OpenCost provides a set of APIs that work together to provide a flexible and extensible way to export data of any type. OpenCost leverages these APIs in the Diagnostics and pipeline exporters which target the Storage API. The following documentation will review the various components that make up the Export API.

Exporter[T]

An OpenCost Exporter is defined as an object capable of exporting some data T per unit of time. This contract is defined in go by the following generic interface:

// Exporter[T] is a generic interface for exporting T data per unit of time. 
type Exporter[TimeUnit any, T any] interface {
    Export(time TimeUnit, data *T) error
}

The TimeUnit in the above case can generally be any type, but OpenCost time units can be as simple as a time.Time instance (for an instant) or a time.Duration instance for data over a time period (rate). By extension of the Exporter interface, two discrete aliases were defined to more clearly define the "type" of Exporter being used:

  • The EventExporter[T] interface is an alias for Exporter[time.Time, T]. We classify specific "events" as data exported at a specific point in time.
  • The ComputeExporter[T] interface is an alias for Exporter[opencost.Window, T]. We classify specific "compute" data as specific data exporter over a discrete start and end time.

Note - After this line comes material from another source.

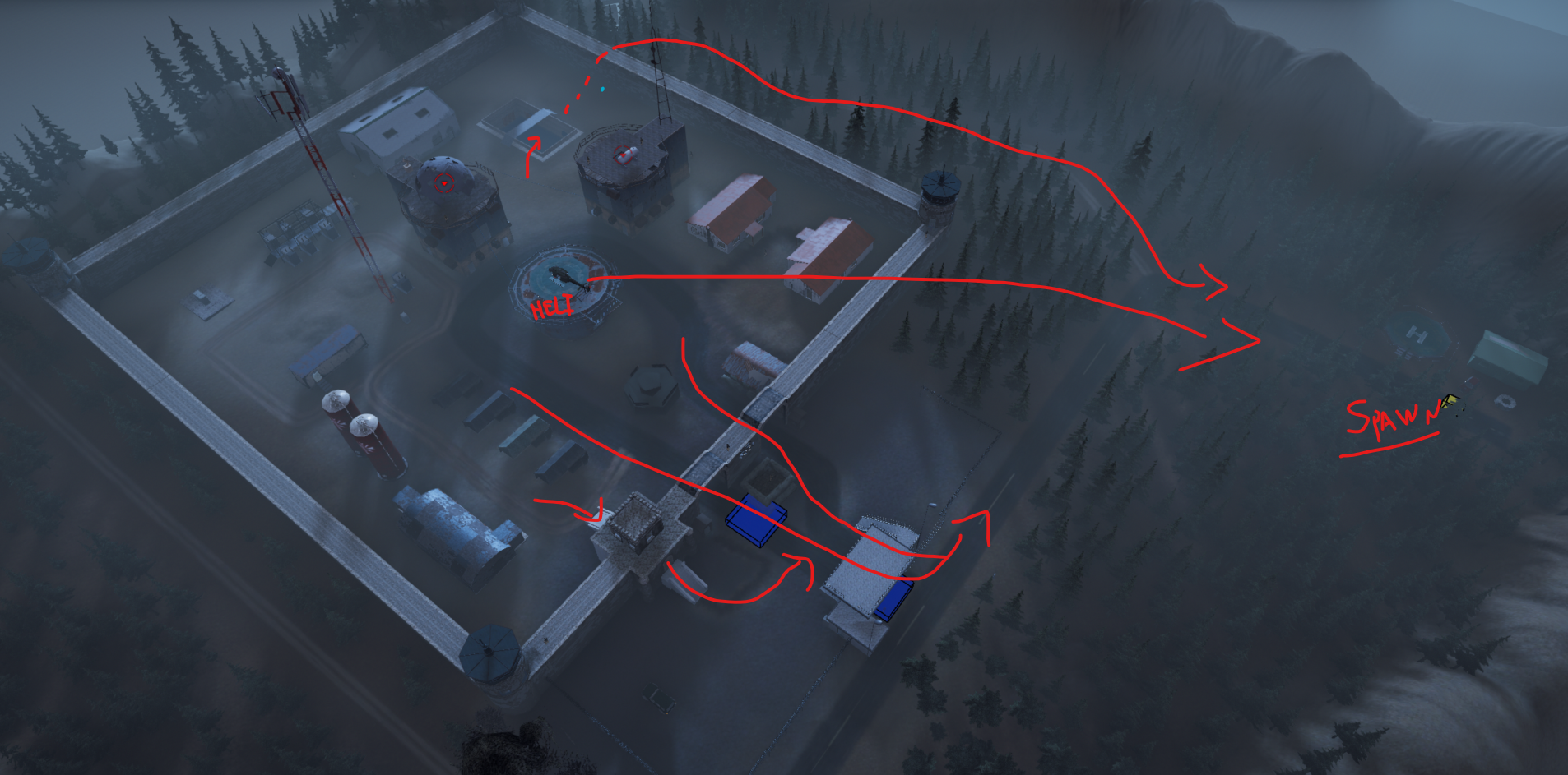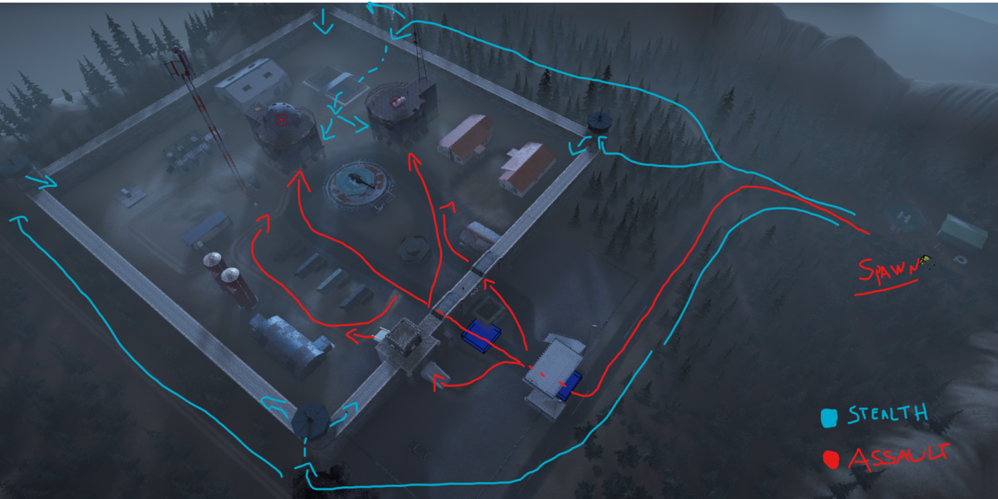 This originally started as a design plan for 2D map. I instead used the research and initial design to make it into a FarCry 5 Arcade level.

By the name alone, you could make a few reasonable assumptions about what an Exporter is. An Exporter is a component that takes some data and "exports" it to some other system. This could be a database, a file, or even a message queue. The key point is that the Exporter is responsible for taking the data and sending it somewhere else. Specifically with regards to OpenCost, the Exporter will assist in accepting cost data generated by a model, and exporting that data to a [persistent] storage system.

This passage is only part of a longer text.